とこや

カット&パーマ

髪が伸びたので床屋に行く。


やはり、行くのは面倒くさい…。


明日になったら地球が滅亡するかもしれない。だから、明日になったら、ちょっと様子を見て、滅亡しなさそうだったら行くことにしよう。


こんな感じで理由をつけては先延ばし。

実際に明日になったらなったで、時間軸的に明日は今日、ということになるから、そこを起点に、改めて明日の滅亡について、憂いては先延ばしにした。

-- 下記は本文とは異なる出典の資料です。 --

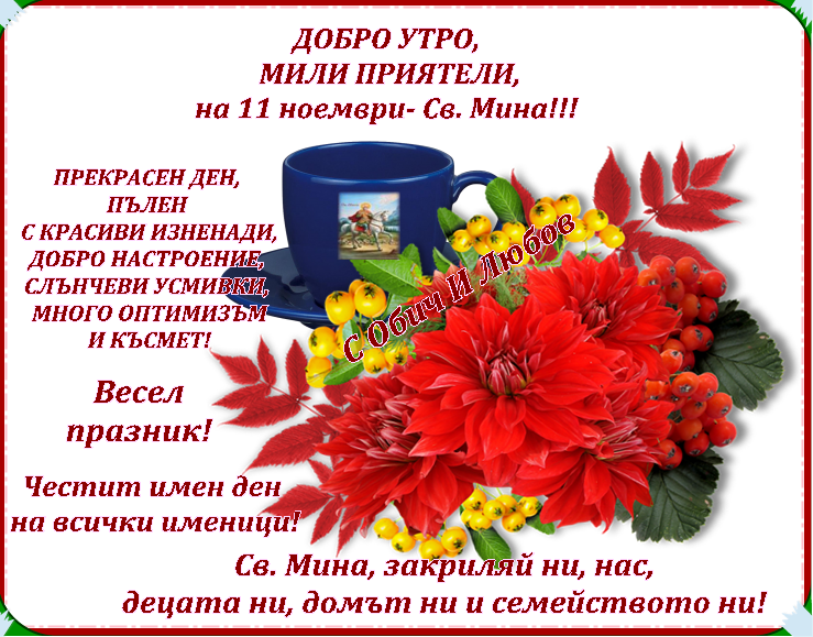 Защото на 11 ноември Православната църква почита Свети великомъченик Мина Воин, покровител на семейството, сираците и бездомните, пазител на пътуващите на дълъг път, воините и лечителите.
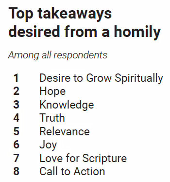 Homilies should connect faith with daily life, and clergy who preach well inspire people to greater discipleship, CLI advises. Parishioners who appreciate their priest’s homilies are 1.7 times more likely to recommend their parish to a friend, its research has found.
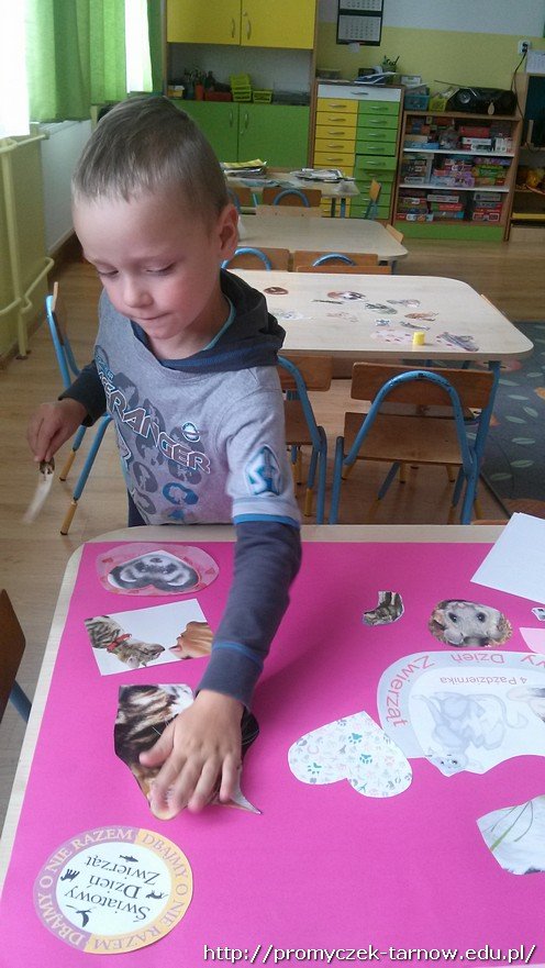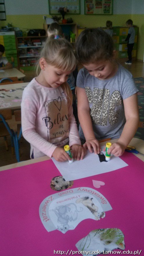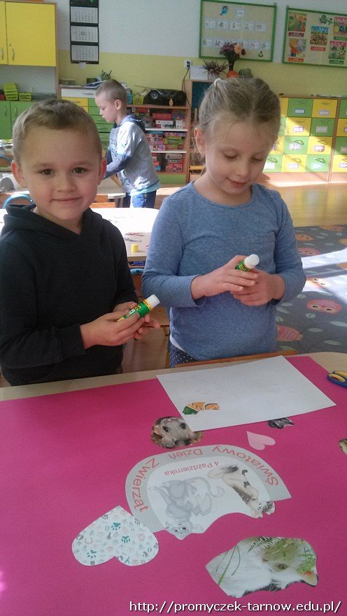 Dzieci poznały różne ciekawostki na temat zwierząt, naśladowały ich głosy oraz utrwaliły wiadomości dotyczące opieki nad nimi. Na zakończenie zajęć Zuchy wspólnie wykonały plakat, który można podziwiać w przedszkolnym korytarzu oraz udały się do sklepu zoologicznego.
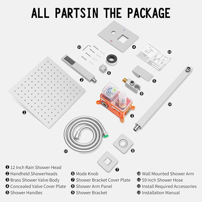 - Complete Shower System Included: This shower faucet set includes everything you need for a luxurious upgrade: a 12-inch rain shower head, a handheld shower head, a 59-inch shower hose, a 15.7-inch shower arm, a handheld bracket, a mixing valve, a panel, a handle, a mode knob, shower arm and bracket covers, and all necessary installation accessories
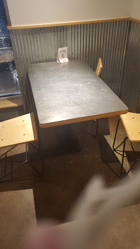 Arrived with only one clean? table so we jumped the line to ask they be cleaned. Asked again when we got to order, asked again half way thru, asked twice at the register, had to sit at the high table which was still the only one clean. Restroom ditto. Came to eat the pig, not eat in the pigsty. Hope they keep the back cleaner or Im in trouble.

幾日過ぎても、一向に地球は滅亡しない感じだったので、やむなく床屋に行く羽目になった。


往来を歩くと、すぐに床屋は見つかった。

高速で回転する赤白青のサインポール、カット&パーマ、と、大書してある看板。



カット&パーマ


この看板のせいで、入店するか否かを考えあぐねた。


カット&パーマ、ということは、その意味を捉えれば


カット、且つ、パーマ


になる。


更にどういうことかを考えると、これは髪を当人が希望する尺に切り整えたのち、パーマをあてて縮毛させる、ということである。


ここで問題になるのは、自分としては、カットはしてほしいがパーマはしてほしくない、ということであり、もし今この床屋に入店すれば、然るべき尺に切り整えられたのち、パーマをあてられ、当初のイメージから大分、かけ離れた仕上がりになってしまうことが予想された。


なぜ


カットorパーマ


じゃないんだ。


看板を見上げながら、床屋の店主に対して、怒りを覚えた。

とはいえ、床屋の店主は、自店の経営方針に従って、カット&パーマ、という形式で、サービスを提供しているだけであり、その経営方針に対して、株主でもない自分が口を出すことは出来ない。


カットorパーマにしてもらうには、この床屋を買収、もしくは、発行株式の過半数を取得したのち、株主総会で議決権を行使するほかない。


到底、そんな資金の都合はつかないし、第一、未上場の会社が、一見で入店してきた自分に対して、株式を譲渡する、なんてことは、まず考えられないだろう。


とはいえ、髪は切らねばならない。しかし、この近辺には他に床屋はない。


もういい、俺の負けだよ…


戦いに疲れた自分は、潔く入店した。


「今日はどうなさいます?」


席に通されるなり、涙目で言った。